* ACTIVITY
Word for word, copy the lines from the one with "Shuttles are not" to the last line of the data below, counting both, and keep every picture out.

* ENTRIES SHOWN
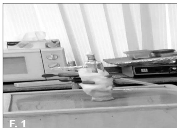
Fig.1: Feeder membrane equipment

Feeder membrane preparation: The feeder membrane (Fig. 1) consisted of two tubes, first one for positive blood meal surrounded with the second one for the current water which connected with water bath at 37^{\circ}\text{C} to keep the blood temperature. The 1 st tube with two ends, the bottom, covered with chicken membrane and the upper covered with a piece of cotton after a blood meal entered. The 2 nd tube with two ends also, for income and outcome the current water.
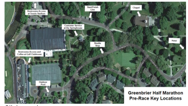
Click to enlarge.

Shuttles are not needed for guests staying at the Greenbrier. They can simply walk down to the start/finish line from the North Entrance of the property.
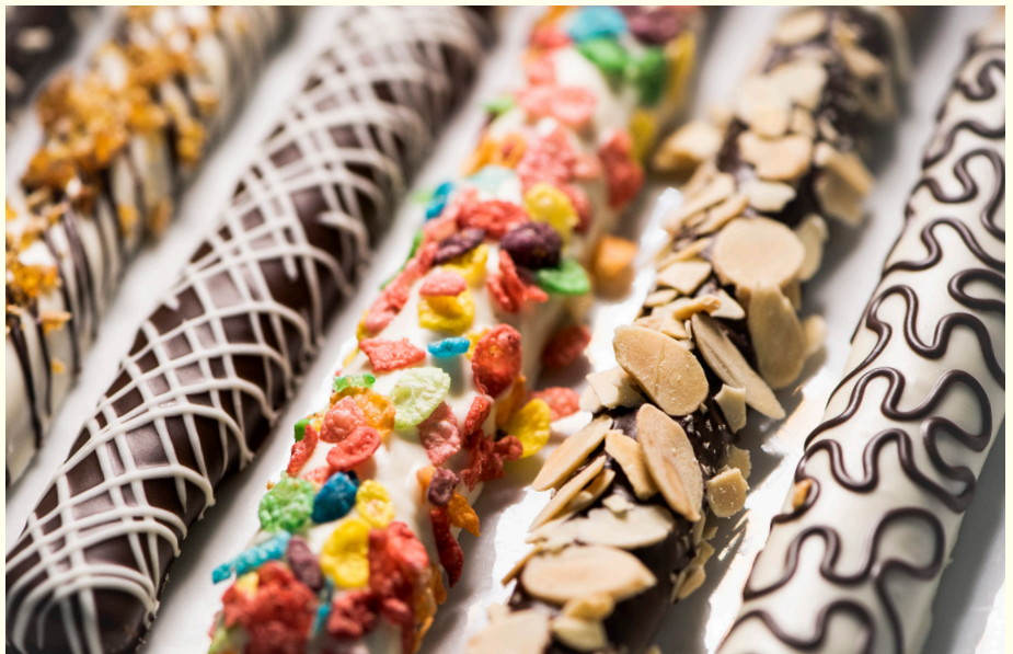
Chocolate Covered Cinnamon Shortbread Cigars

Lightly Cinnamon spiced shortbread cigars enrobed in milk or white chocolate, some studded with crisped rice, others with almond or nougat. The perfect accompaniment for your Christmas Tea. 2 pcs Rs.250

* RESPONSE FOR THIS EXERCISE
Shuttles are not needed for guests staying at the Greenbrier. They can simply walk down to the start/finish line from the North Entrance of the property.
Chocolate Covered Cinnamon Shortbread Cigars

Lightly Cinnamon spiced shortbread cigars enrobed in milk or white chocolate, some studded with crisped rice, others with almond or nougat. The perfect accompaniment for your Christmas Tea. 2 pcs Rs.250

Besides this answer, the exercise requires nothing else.